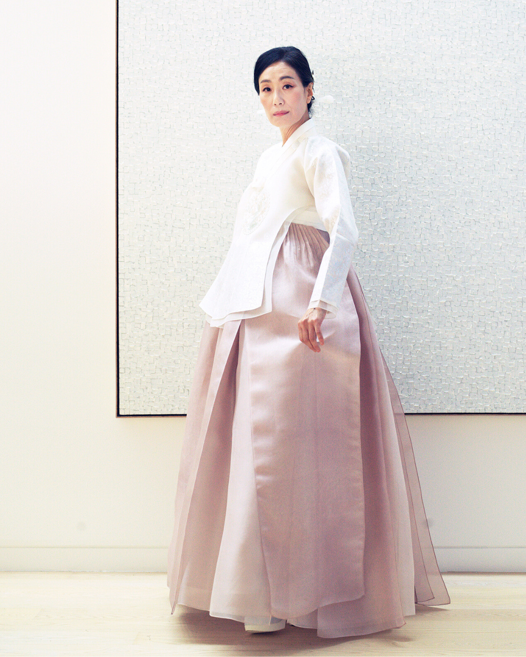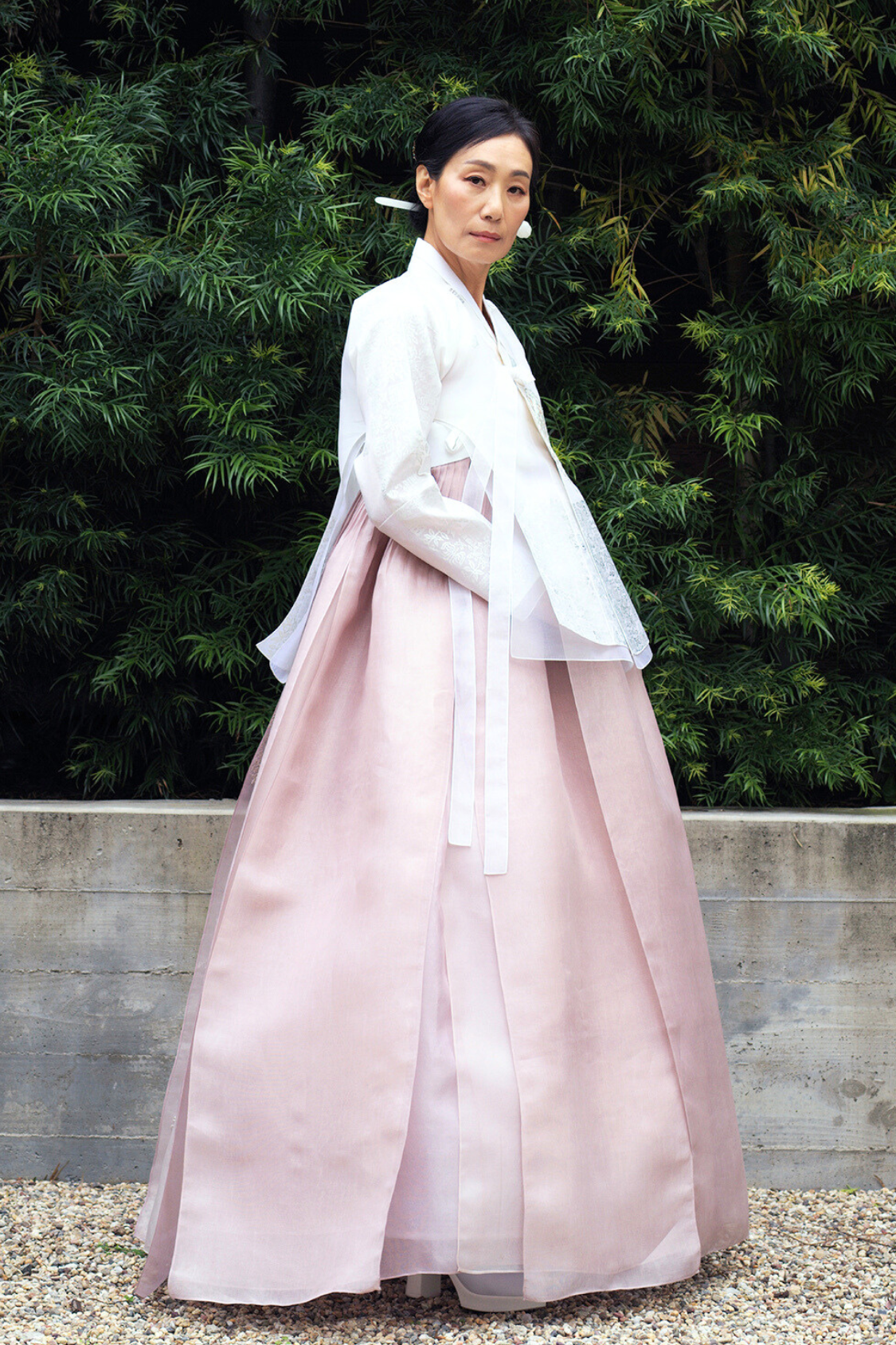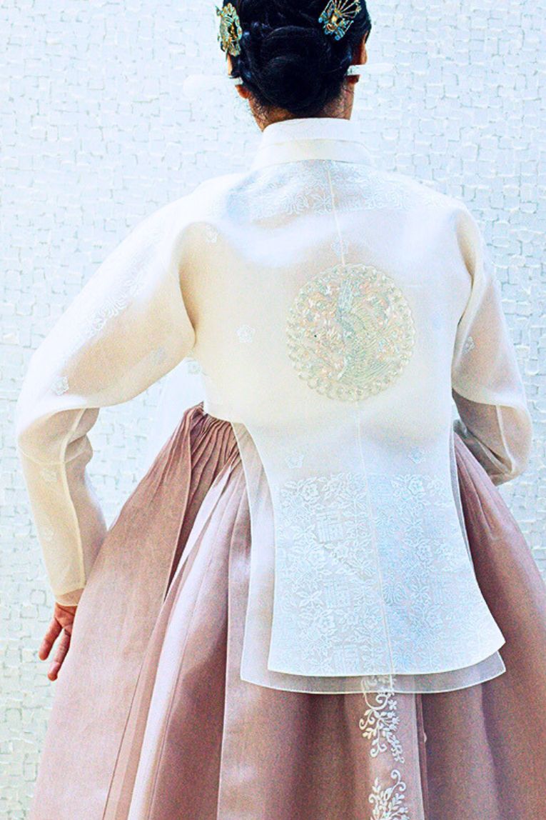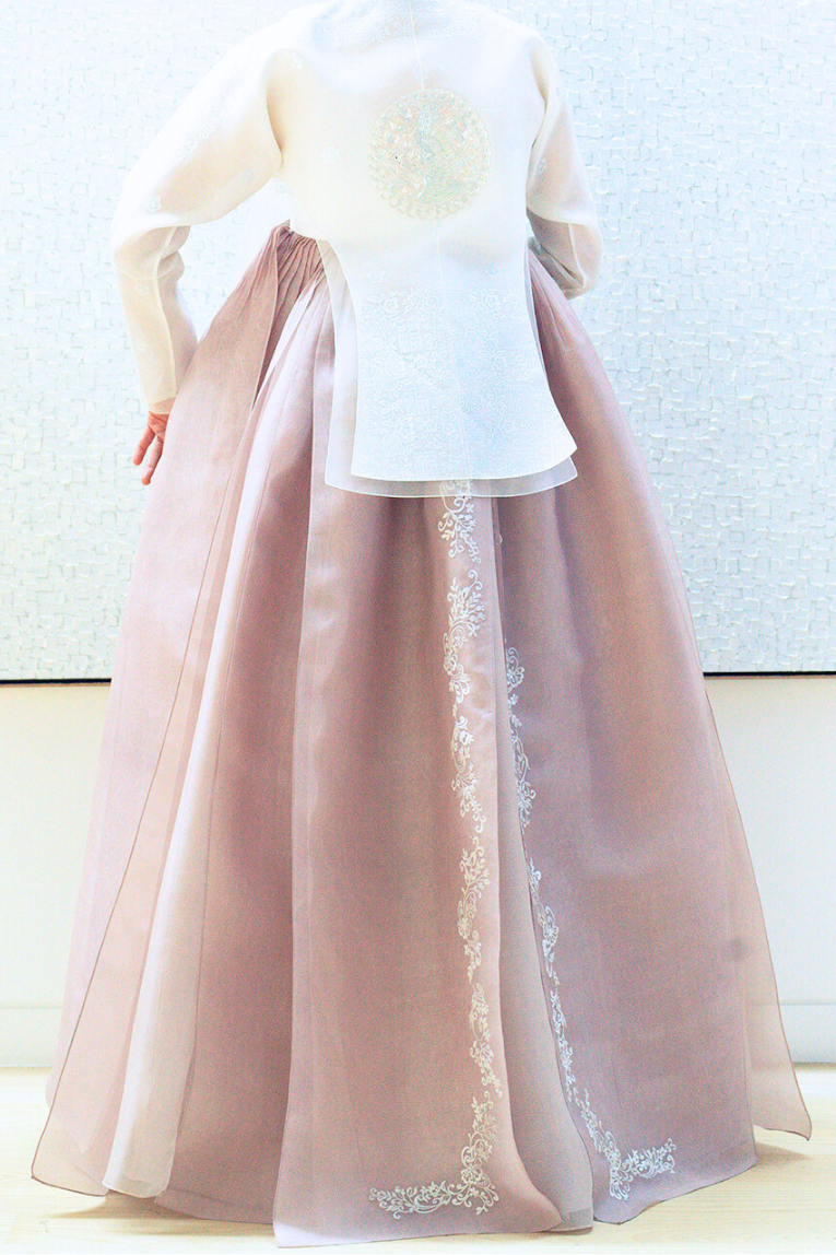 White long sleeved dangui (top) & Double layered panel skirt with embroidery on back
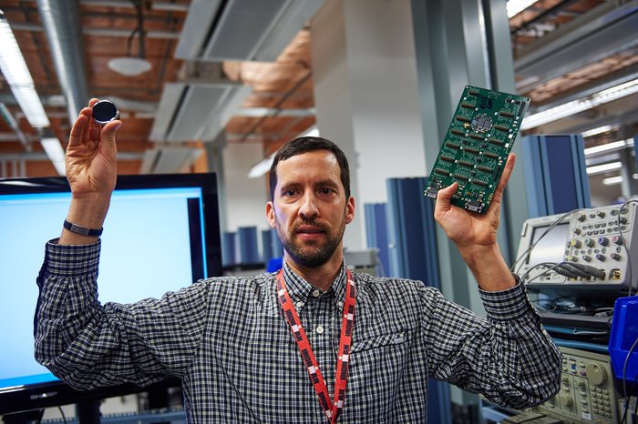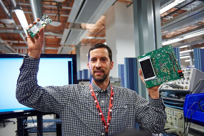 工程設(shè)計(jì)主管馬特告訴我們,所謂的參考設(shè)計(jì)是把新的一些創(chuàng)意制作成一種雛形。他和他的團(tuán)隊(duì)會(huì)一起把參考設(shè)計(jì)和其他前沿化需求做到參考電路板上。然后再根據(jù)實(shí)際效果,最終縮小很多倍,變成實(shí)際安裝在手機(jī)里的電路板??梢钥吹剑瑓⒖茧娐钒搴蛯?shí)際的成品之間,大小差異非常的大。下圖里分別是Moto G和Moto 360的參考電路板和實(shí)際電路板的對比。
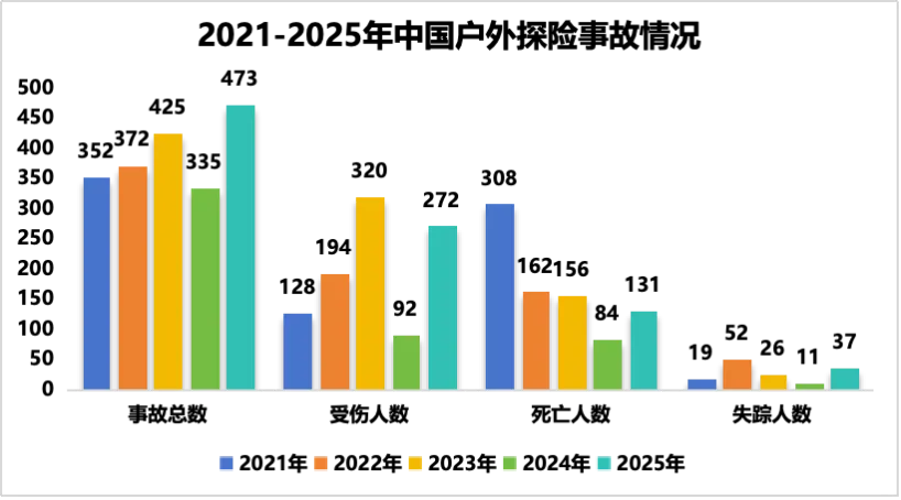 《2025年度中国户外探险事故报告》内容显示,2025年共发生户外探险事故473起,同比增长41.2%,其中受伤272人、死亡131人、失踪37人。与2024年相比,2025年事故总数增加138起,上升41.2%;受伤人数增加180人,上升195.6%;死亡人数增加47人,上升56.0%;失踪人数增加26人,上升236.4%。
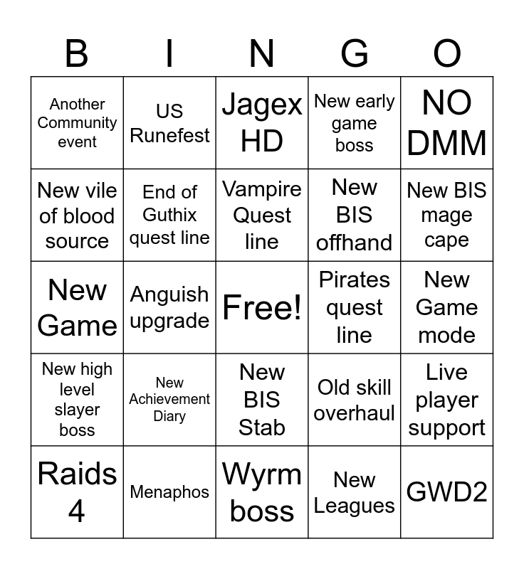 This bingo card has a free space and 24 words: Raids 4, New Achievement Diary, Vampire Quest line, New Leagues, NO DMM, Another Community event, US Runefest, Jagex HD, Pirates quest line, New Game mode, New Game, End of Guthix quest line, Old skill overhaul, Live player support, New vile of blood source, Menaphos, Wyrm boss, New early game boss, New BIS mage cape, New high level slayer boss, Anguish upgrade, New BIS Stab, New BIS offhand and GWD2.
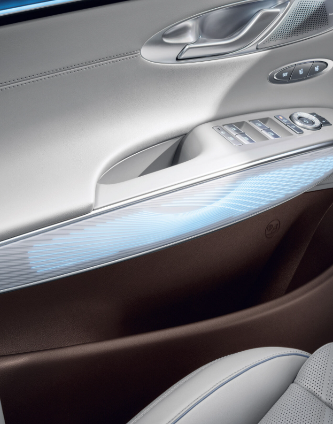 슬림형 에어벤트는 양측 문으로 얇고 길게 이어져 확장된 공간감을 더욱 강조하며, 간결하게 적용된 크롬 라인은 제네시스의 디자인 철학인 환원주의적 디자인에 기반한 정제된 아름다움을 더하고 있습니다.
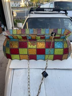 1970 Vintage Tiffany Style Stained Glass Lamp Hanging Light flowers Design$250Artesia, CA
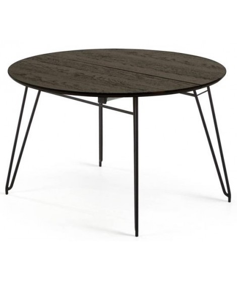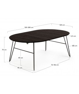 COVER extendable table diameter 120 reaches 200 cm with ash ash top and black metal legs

──────────

→ What to produce:
From the line containing "슬림형 에어벤트는 양측" down to the last line of the entries above, retype each line exactly as it stands, but skip the pictures.

→ Finished task:
 슬림형 에어벤트는 양측 문으로 얇고 길게 이어져 확장된 공간감을 더욱 강조하며, 간결하게 적용된 크롬 라인은 제네시스의 디자인 철학인 환원주의적 디자인에 기반한 정제된 아름다움을 더하고 있습니다.
 1970 Vintage Tiffany Style Stained Glass Lamp Hanging Light flowers Design$250Artesia, CA
 COVER extendable table diameter 120 reaches 200 cm with ash ash top and black metal legs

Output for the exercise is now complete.